Отряд наш был переименован сначала в 1-й Тамбовский, а затем в 5-й разведывательный авиаотряд. Знакомых людей в нем осталось немного: из техсостава примерно половина, а летчики, за исключением Сенкевича, все были новые — Абросимов, Михайлов, Егоров, Конев. Обоз и автопарк сохранились полностью. Самолетов мы имели только пять: один «сопвич» и четыре «ньюпора» (два «Ньюпора-17» и два «Ньюпора-23»). Отряд надлежало доукомплектовать людьми, материальной частью и прочим имуществом. Времени на формирование отводилось мало. Гражданская война разгоралась. Наши товарищи уже дрались под Казанью.
Работы всем хватало по горло. Представители отряда трижды ездили в Москву добывать остродефицитные магнето, перкаль (полотно), эмалит, запасные моторы. Все необходимое доставалось с большим трудом.

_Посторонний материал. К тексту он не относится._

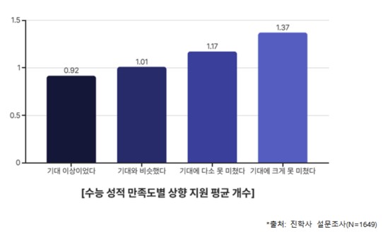 수능 성적에 대한 인식은 실제 정시 지원 전략에도 영향을 미친 것으로 분석된다. 성적이 ‘기대 이상’이었다고 응답한 수험생의 평균 상향 지원 개수는 0.92개였던 반면, ‘기대에 크게 못 미쳤다’고 답한 수험생은 평균 1.37개의 상향 지원 카드를 활용했다.

Вскоре прибыл из Москвы коммунист В. Штавеман. Ему было поручено организовать дружный коллектив мотористов и возглавить всю аэродромную службу. С задачей своей он справился отлично, чем и заслужил большое уважение личного состава отряда. Шоферы наши не покладая рук ремонтировали и приводили в порядок автотранспорт. Тяжело приходилось и нашим обозникам. Помимо ремонта телег и повозок, им нужно было разъезжать по району в поисках овса, сена и соломы.

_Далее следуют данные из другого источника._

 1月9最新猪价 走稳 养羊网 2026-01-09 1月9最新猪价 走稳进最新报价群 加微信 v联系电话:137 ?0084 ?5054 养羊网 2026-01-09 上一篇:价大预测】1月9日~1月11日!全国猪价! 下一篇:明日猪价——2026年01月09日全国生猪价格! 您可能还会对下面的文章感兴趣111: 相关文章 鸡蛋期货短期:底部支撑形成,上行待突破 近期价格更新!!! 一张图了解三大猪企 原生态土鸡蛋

Я хлопотал целыми днями, обеспечивая отряд горючим и маслом. Особенно плохо обстояло дело с бензином. Баку — главная база снабжения — был отрезан, там хозяйничали англичане...
Но больше всего тревожила меня подготовка летного состава.
Начать с того, что летчик Абросимов, закончивший в свое время французскую школу и неплохо владевший техникой пилотирования, к тренировочным полетам относился с холодком, а скорый отъезд на фронт его вообще, кажется, не радовал. Во всяком случае, при первой возможности Абросимов перебрался в другой отряд, начинавший формироваться для выполнения, по слухам, воздушной связи Сенкевич вообще летать раздумал, а захотел снова быть техником, и я назначил его помощником начальника техчасти коммуниста В. П. Воронина.
Ядро моего отряда в численном отношении составляли выпускники Московской авиационной школы. Двадцатилетний крестьянский сын Спиридон Конев был характерным представителем этой группы. При знакомстве с ним состоялся такой разговор.